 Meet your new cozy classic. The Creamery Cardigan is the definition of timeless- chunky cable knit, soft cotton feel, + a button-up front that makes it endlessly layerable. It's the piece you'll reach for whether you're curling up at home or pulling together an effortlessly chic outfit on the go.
--
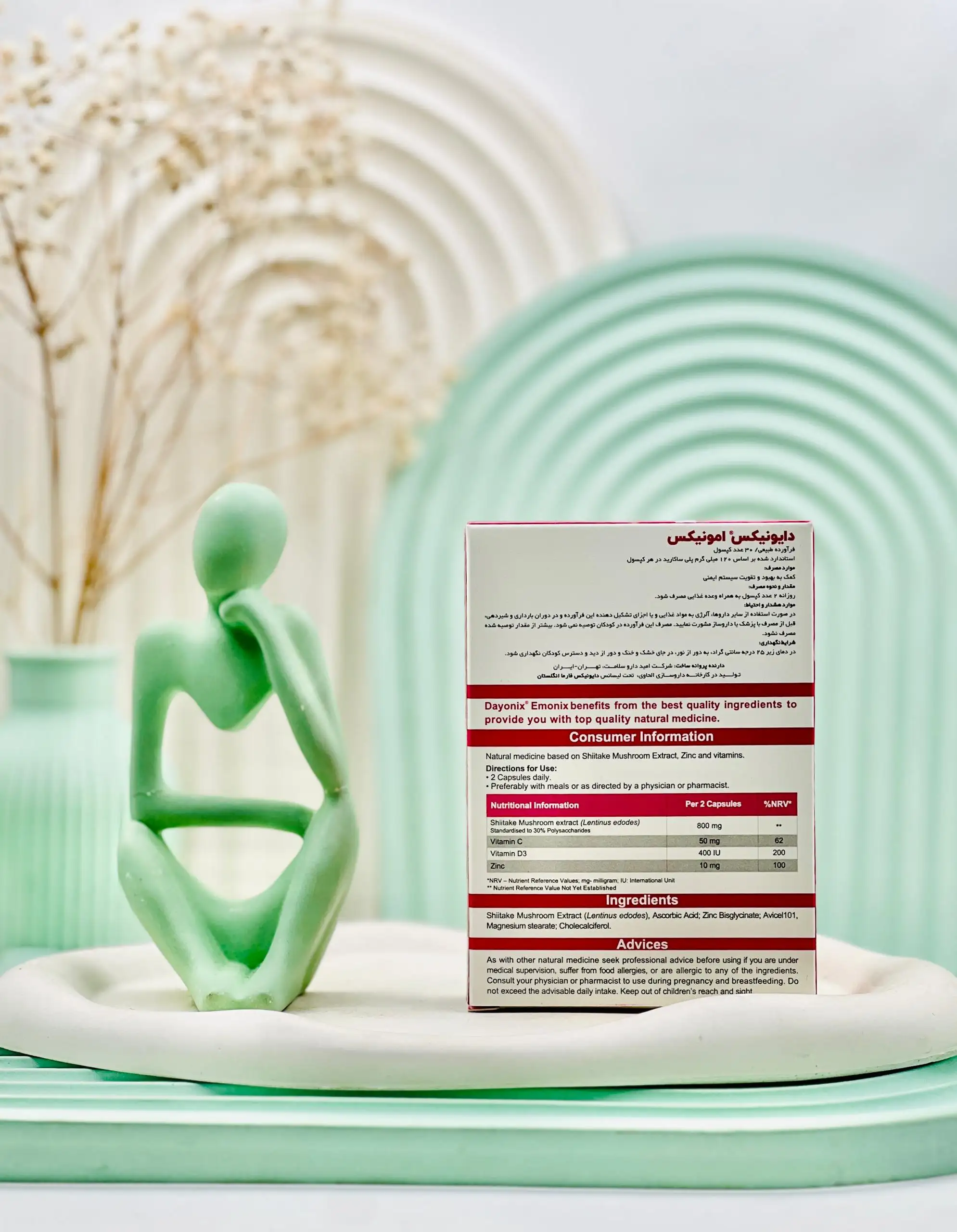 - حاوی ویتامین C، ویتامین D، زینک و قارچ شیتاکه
--
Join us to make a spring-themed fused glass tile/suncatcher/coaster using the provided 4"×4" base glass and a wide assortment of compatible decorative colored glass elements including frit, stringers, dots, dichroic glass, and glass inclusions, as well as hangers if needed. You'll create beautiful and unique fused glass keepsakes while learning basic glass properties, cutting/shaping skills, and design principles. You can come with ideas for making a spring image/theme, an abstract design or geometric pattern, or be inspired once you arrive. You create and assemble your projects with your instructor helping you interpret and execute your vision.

# [GOAL OF THE EXERCISE]
Whenever the word "your" appears in a line of the listing, copy out that line.

# [RESULT OF THIS TASK]
 Meet your new cozy classic. The Creamery Cardigan is the definition of timeless- chunky cable knit, soft cotton feel, + a button-up front that makes it endlessly layerable. It's the piece you'll reach for whether you're curling up at home or pulling together an effortlessly chic outfit on the go.
Join us to make a spring-themed fused glass tile/suncatcher/coaster using the provided 4"×4" base glass and a wide assortment of compatible decorative colored glass elements including frit, stringers, dots, dichroic glass, and glass inclusions, as well as hangers if needed. You'll create beautiful and unique fused glass keepsakes while learning basic glass properties, cutting/shaping skills, and design principles. You can come with ideas for making a spring image/theme, an abstract design or geometric pattern, or be inspired once you arrive. You create and assemble your projects with your instructor helping you interpret and execute your vision.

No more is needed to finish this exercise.